Пока он размышлял над тем, как при создавшихся обстоятельствах лучше использовать предоставленную ему возможность, к дому подъехал фермер Дерримен, и Джон услышал, что он беседует о чем-то с его отцом. Старик привез, по-видимому, наконец свою шкатулку с бумагами, которую мельник должен был хранить во время его отсутствия, и в ночной тишине до Джона – которого, надо сказать, это весьма мало интересовало – отчетливо доносились бесконечно повторяемые мольбы фермера беречь шкатулку как зеницу ока от воров и пожара. Затем дядюшка Бенджи повернул обратно, а мельник поднялся наверх, чтобы надежно спрятать доверенную ему шкатулку. Весь этот разговор Джон слышал лишь краем уха, как сквозь сон, – мозг его был слишком удручен заботой.

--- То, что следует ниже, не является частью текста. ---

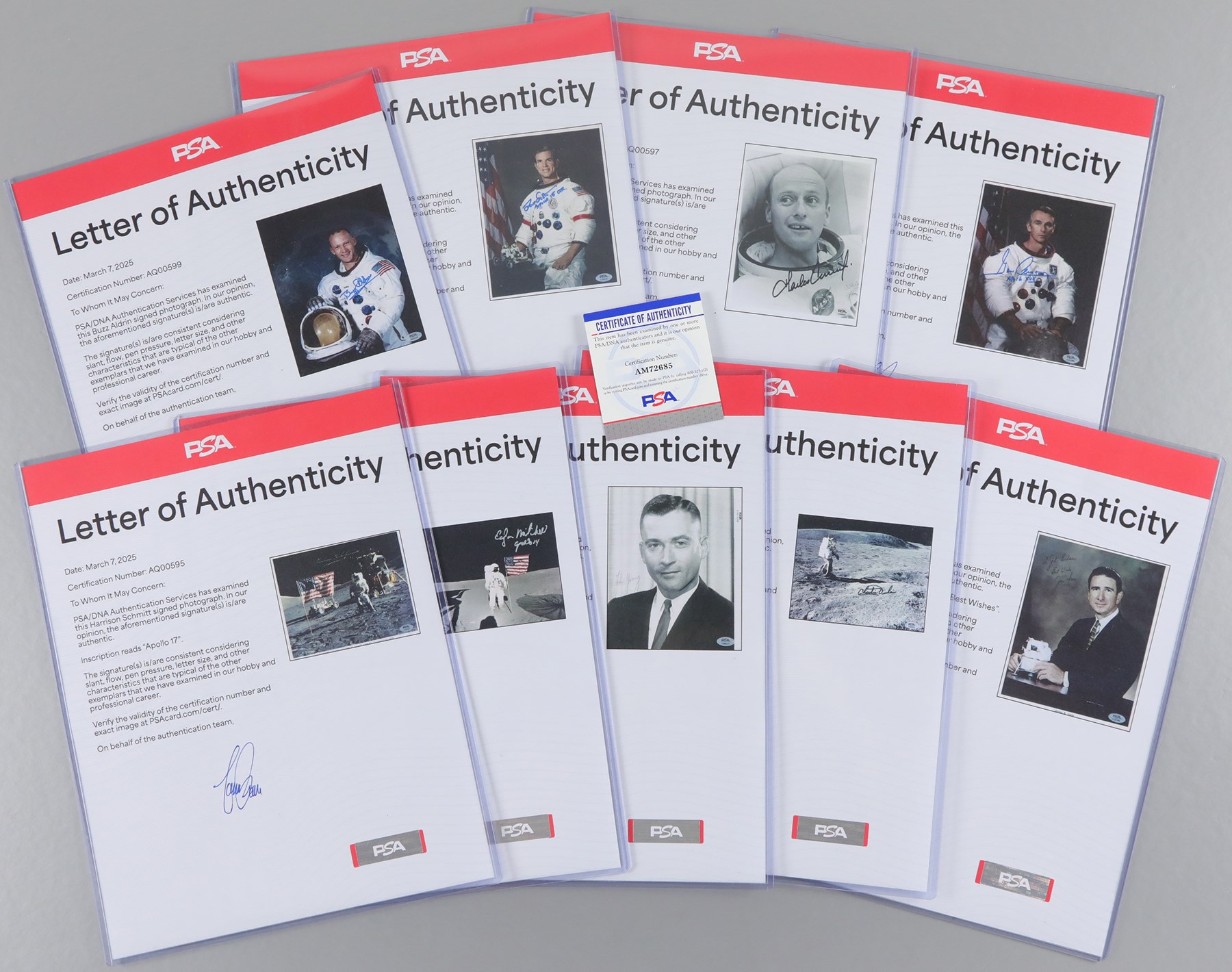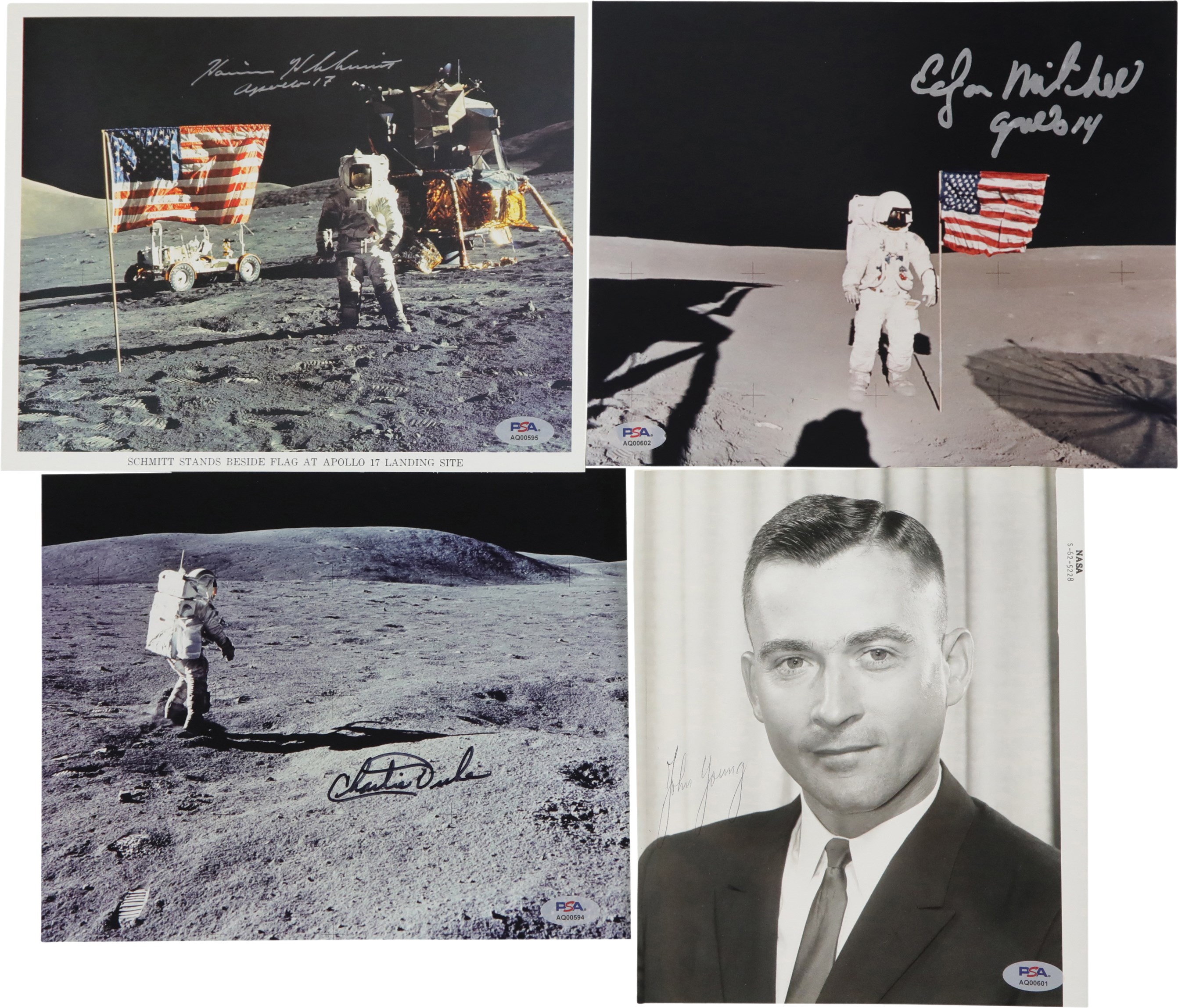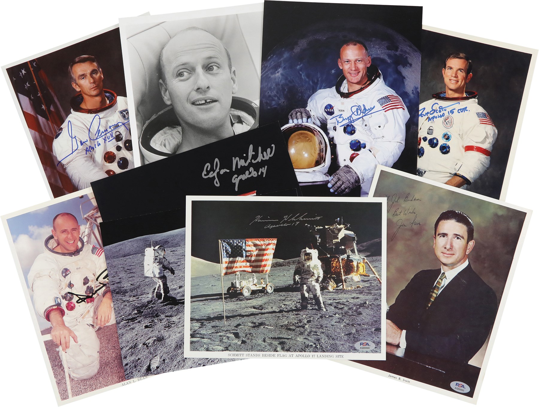 "That's one small step for [a] man. One giant leap for mankind," said NASA Astronaut Neil Armstrong upon becoming the first person to step on the moon, which occurred at 2:56 UTC on July 21, 1969. Presented is a great collection of moonwalking NASA astronauts, with ten signed photos out of the 11 USA moonwalking astronauts who followed Armstrong. Of the 12 persons who have ever walked on the moon, all have been USA astronauts. Each of the photos measures 8x10", and it appears that all or most of the photos originated from the NASA program:

Затем в окнах спальни, отведенной Матильде Джонсон, затеплился огонек. Это сразу вывело драгуна из оцепенения, и он крадучись, что было ему вовсе не свойственно, проник в дом. В комнатах первого этажа было темно: миссис Гарленд, Энн и мельник отправились на мост посмотреть на тонкий серп народившегося месяца. Джон на цыпочках поднялся по лестнице, осторожно прокрался по неровным половицам коридора к двери и остановился возле. Она была приотворена, и полоса света от горящей свечи лежала на полу и на противоположной стене коридора. Вступив в эту полосу света, Джон сразу увидел Матильду. Она в глубокой задумчивости стояла перед зеркалом, закинув руки за голову, сцепив пальцы на затылке, и свет свечи падал прямо на ее лицо.

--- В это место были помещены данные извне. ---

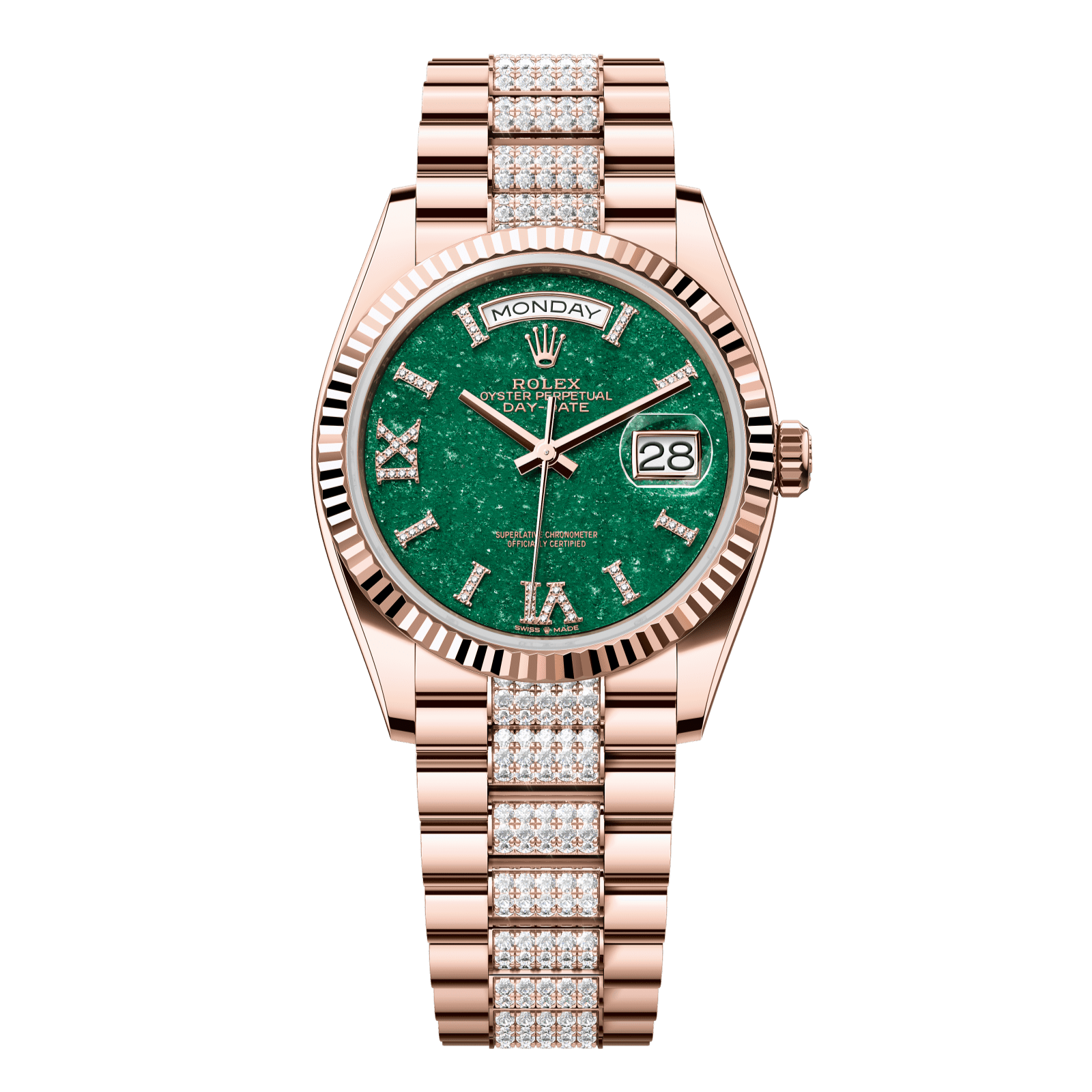Rolex Day-Date 36 36 mm Green Aventurine Set With Diamonds Dial 18 kt Everose Gold President Bracelet 128235-0069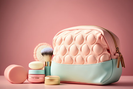 Pink make-up bag with cosmetic products. Illustration Generative AI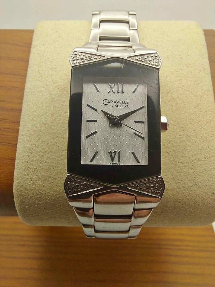 This watch is a Caravelle by Bulova Ladies' Diamond Accent Watch, model number 43R002. It is a dress/formal wristwatch known for its stainless steel construction and crystal embellishments on the case and bracelet.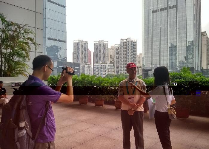 在前往深圳的列車途中以及參觀的同時,隊員們還通過問卷調查和采訪的形式,了解深圳本地居民和外來務工人員對改革開放、中國夢、深圳城市幸福感等方面的了解程度和評價。在深圳博物館,我們有幸采訪到一名78歲的志願者—陳勉,這位長者為人風趣,和藹可親,踐行“來了就是深圳人,來了就當志願者”的口号,4年如一日,堅持到館服務。他向我們分享了他做志願者的心得體會,他認為做志願者就是在踐行中國夢、踐行社會主義核心價值觀。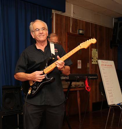 This is Graham Hyde performing at The Surrey Shadows Club, Graham has also played a big part in the Children In Need ( Reading ) event tomorrow 20/11/09. As you see on his shoulder is a red pair of ladys do da's (Fiesta Red!!!!!)..........How they got there I have no idea, but it looks fun............... .

– Я должен поговорить с вами, – сказал драгун.
Она вздрогнула, обернулась и побледнела еще сильнее, чем при их первой встрече, а затем, словно внезапно приняв решение, широко распахнула дверь и произнесла внешне вполне спокойно и любезно:
– Ну конечно, ведь вы же брат моего Боба! В первую минуту я и не узнала вас.
– Но теперь вы узнаете?
– Да, вы брат Боба.
– И мы с вами никогда не встречались прежде?
– Никогда, – подтвердила она, и лицо ее оставалось бесстрастным, как у Талейрана.
– Великий боже!
– Никогда, – повторила она.
– И с другими драгунами энского полка? С капитаном Джолли, например?
– Никогда.
– Вы ошибаетесь. Я позволю себе напомнить вам кое-что, – сказал он сухо. И напомнил – со всеми подробностями.
– Неправда! – воскликнула она с отчаянием.
Но она переоценила свою выдержку и не отдала должного противнику. Пять минут спустя она уже заливалась слезами и тщетно молила о снисхождении трубача, слова которого теперь звучали как приказ, хотя суровый тон их и смягчался состраданием.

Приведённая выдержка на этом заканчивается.